We define the drag force to be $\mathbf{F}_D$ and the gravitational force is $\mathbf{F_g}$. We have $$m\mathbf{a}=\mathbf{F}=\mathbf{F_g}+\mathbf{F_D}=mg\mathbf{\hat y}-b(\mathbf{\hat x}+\mathbf{\hat y}),\tag{1}$$ and letting $k=b/m$, we can separate the above equation into $x-$ and $y-$equations. We have $$x''(t)=-kx'(t), \quad y''(t)=-h-ky'(t).\tag{2}$$ Next we will solve the above differential equations using the initial conditions: $$x(0)=0; \quad y(0)=h;\tag{3.1}$$ $$x'(0)=v\cos\theta; \quad y'(0)=v\sin\theta;\tag{3.2}$$ where $v$ is the initial velocity of the projectile.

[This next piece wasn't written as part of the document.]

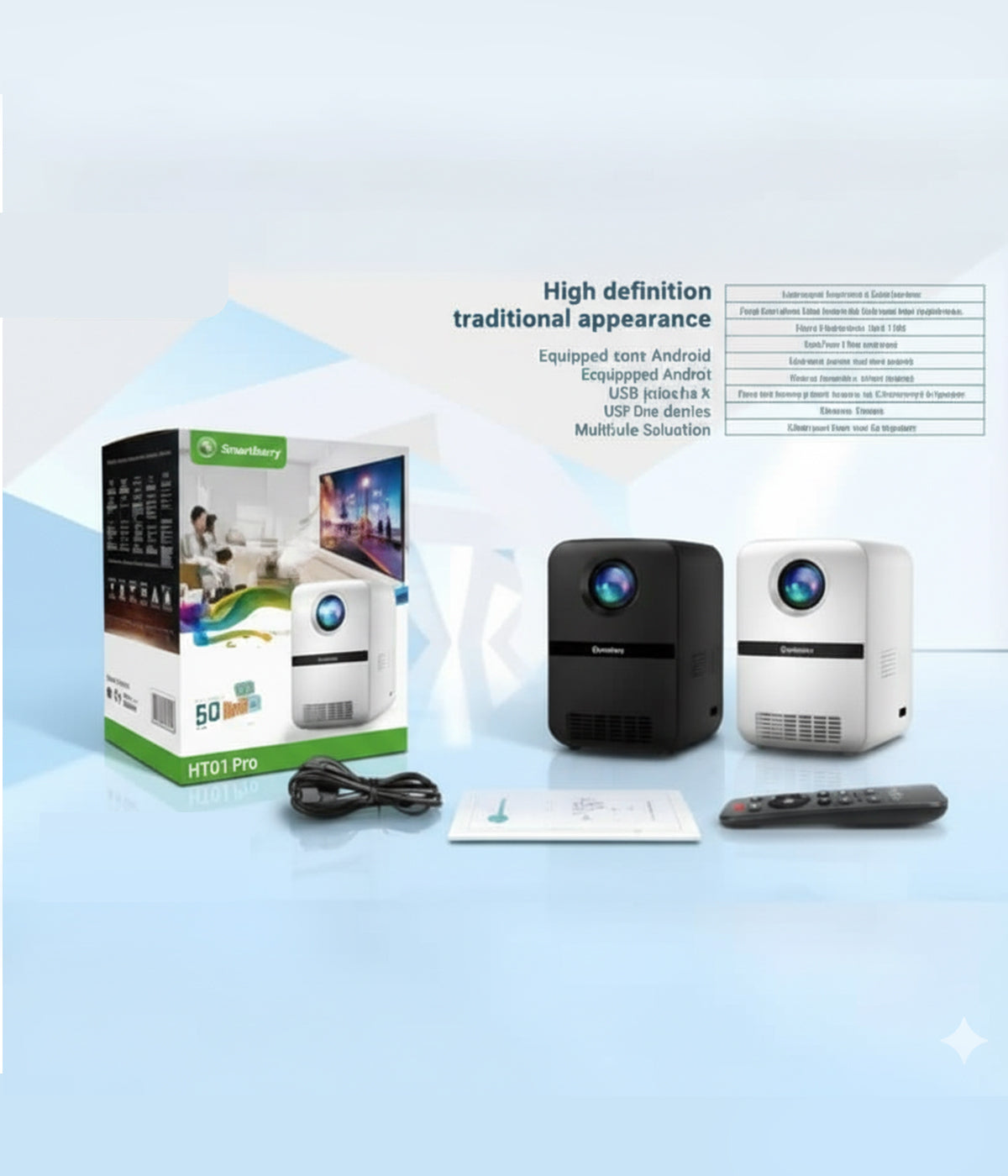 يُعد Smartbarry HT21 ميني بروجكتور جهاز عرض صغير الحجم وقوي الأداء، مصمم للترفيه المنزلي، والعروض المكتبية، وليالي الأفلام في الهواء الطلق.

Using separation of variables to solve the $x-$equation, we obtain $$x''(t)=-kx'(t),\tag{4.1}$$ $$x'(t)=Ce^{-kt}=v\cos\theta e^{-kt}\tag{4.2}$$ $$x(t)=-\frac{v\cos\theta}{k}e^{-kt}+C=\frac{v\cos\theta}{k}\left(1-e^{-kt}\right).\tag{4.3}$$ Similarly, for the $y-$equation, we have $$y''(t)=-h-ky'(t)\tag{5.1}$$ $$dy'=(-g-ky')dt\tag{5.2}$$ $$\frac{dy'}{-g-ky'}=dt\tag{5.3}$$ $$\frac{1}{k}\ln(g+ky')=-t+C\tag{5.4}$$
References:
- Nina Henelsmith, Projectile Motion:Finding the Optimal Launch Angle, Whitman College, 2016; p. 24.